In the lower die 4, numeral 7 is a knockout whose upper end surface constitutes a part of the bottom surface of the die engraving space 5. The knockout 7 is raised after completion of molding and is provided so as to push out the molded product.

The engraving space 5 of the lower mold 4 is carved opposite the pressure surface 3 at the tip of the upper mold indenter 2, and a desired spiral tooth pattern is formed on the outer periphery of the bottom thereof, as shown in FIG. The toothed part 6 is formed in an annular shape.

Next, the process of forming the spiral bevel gear will be explained.

The material 8 to be formed, which has been cut in advance to a predetermined volume or preformed after cutting, is inserted into the die carving space 5 as shown on the left side of FIG. 1, and then the lower die is raised.

At this time, the main shaft 2 is rotated in accordance with the helical direction toward the outside in the radial direction of the tooth trace, and as a result, the blank 8 is molded to fill the molding space as shown in FIG. 9.

Note that the surface marked with 12 in FIG. 9 is the indenter contact surface that is in contact with the pressing surface 3 of the upper die indenter 2.

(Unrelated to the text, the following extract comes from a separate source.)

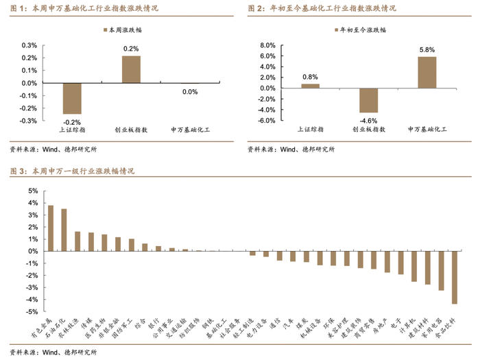 本周申万基础化工行业指数环比持平。根据Wind,本周(6/6-6/13)上证综指涨跌幅为-0.2%,创业板指数涨跌幅为+0.2%;申万基础化工行业指数涨跌幅为0%,在全部31个行业板块中位列第14位,跑赢上证综指0.2个百分点,跑输创业板指数0.2个百分点。年初至今,上证综指涨跌幅为+0.8%,创业板指数涨跌幅为-4.6%;申万基础化工行业指数涨跌幅为+5.8%,跑赢上证综指5.1个百分点,跑赢创业板指数10.4个百分点。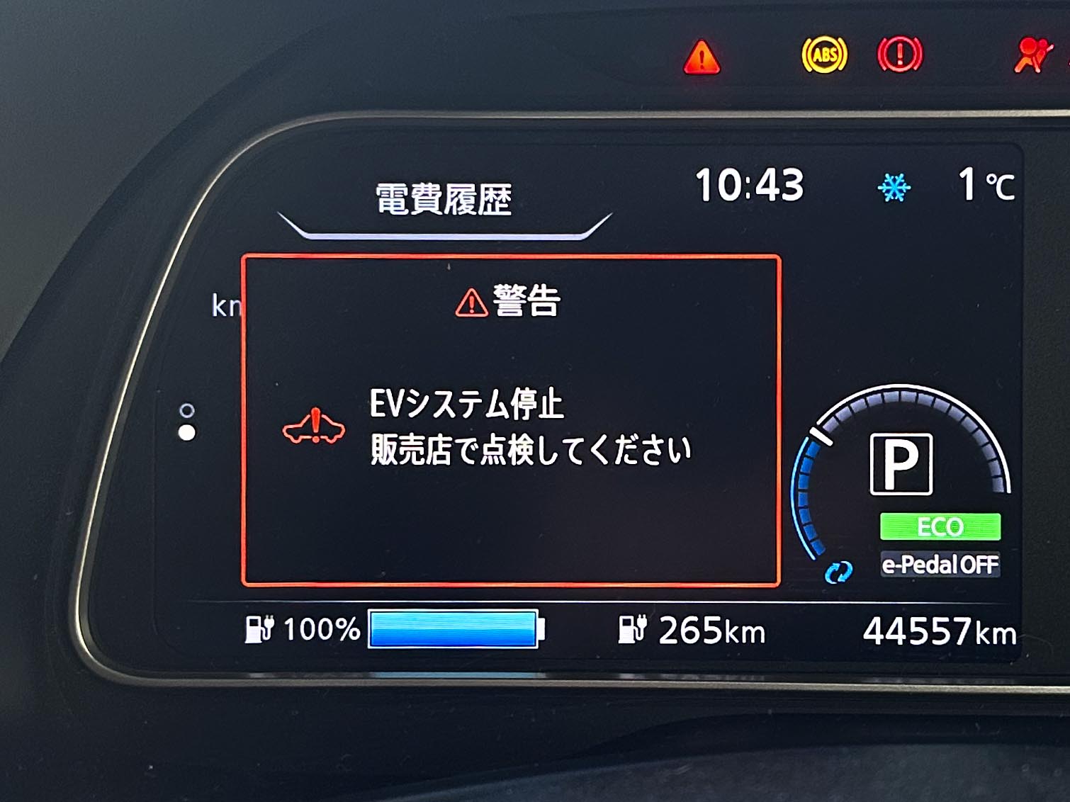 冬の朝、リーフでアクセサリー電源ONだけでカーナビを操作していたら、電源が落ちて突然メーターに「EVシステム停止」が表示されました。

As described above, according to the present invention, the material to be formed is inserted between the upper mold indenter connected to the main shaft and the lower mold in which the toothed part is formed at the bottom of the mold engraving space opposite to the upper mold indenter. Then, since rotational forging is carried out by aligning the direction of rotation of the spindle with the radially outward helical direction of the tooth trace of the tooth profile, the spiral bevel can be formed without defects such as underfill or fog in the formed tooth part. Gears can be molded.

[Brief explanation of drawings]

Figure 1 is a sectional view of the main parts of a rotary forging machine. Figure 2 is an explanatory plan view of the die engraving space. Figure 3 is an explanatory diagram of a molded product molded by rotating the main shaft in the opposite direction to the direction of the tooth trace. FIG. 4 is an enlarged cross-sectional view taken along the line ■-■ in FIG. FIG. 5 is a reference diagram showing the external appearance at approximately the same position as FIG. 4, using a photograph. FIG. 6 is an explanatory diagram of a molded product molded with the main axis aligned with the twist direction of the tooth trace. Figure 7 is the pigeon-vu in Figure 6.
An enlarged sectional view showing the cross section. FIG. 8 is a reference diagram showing the external appearance at approximately the same position as FIG. 7, using a photograph. FIG. 9 is a sectional view of the spiral bevel gear after rotational molding. (Explanation of symbols) l... Main axis. 2... Upper die indenter. 3...Pressure surface. 4...Bottom mold. 5・・・・・・Mold engraving space. 6・・・・・・・・・
・Tooth mold part. 8 (8a, 8b)... Molded product. 9 (9a, 9b
)...Molded tooth part.

Claims (1)

[Claims] A material to be formed 8 is inserted between an upper mold indenter 2 connected to the main shaft 1 and a lower mold 4 in which a toothed part 6 is formed at the bottom of a mold engraving space 5 facing the upper mold indenter 2. A method for manufacturing a spiral bevel gear by a rotary forging method, characterized in that the rotational forging is performed by aligning the direction of one rotation of the main shaft with the radially outward helical direction of the tooth line of the tooth pattern portion 6.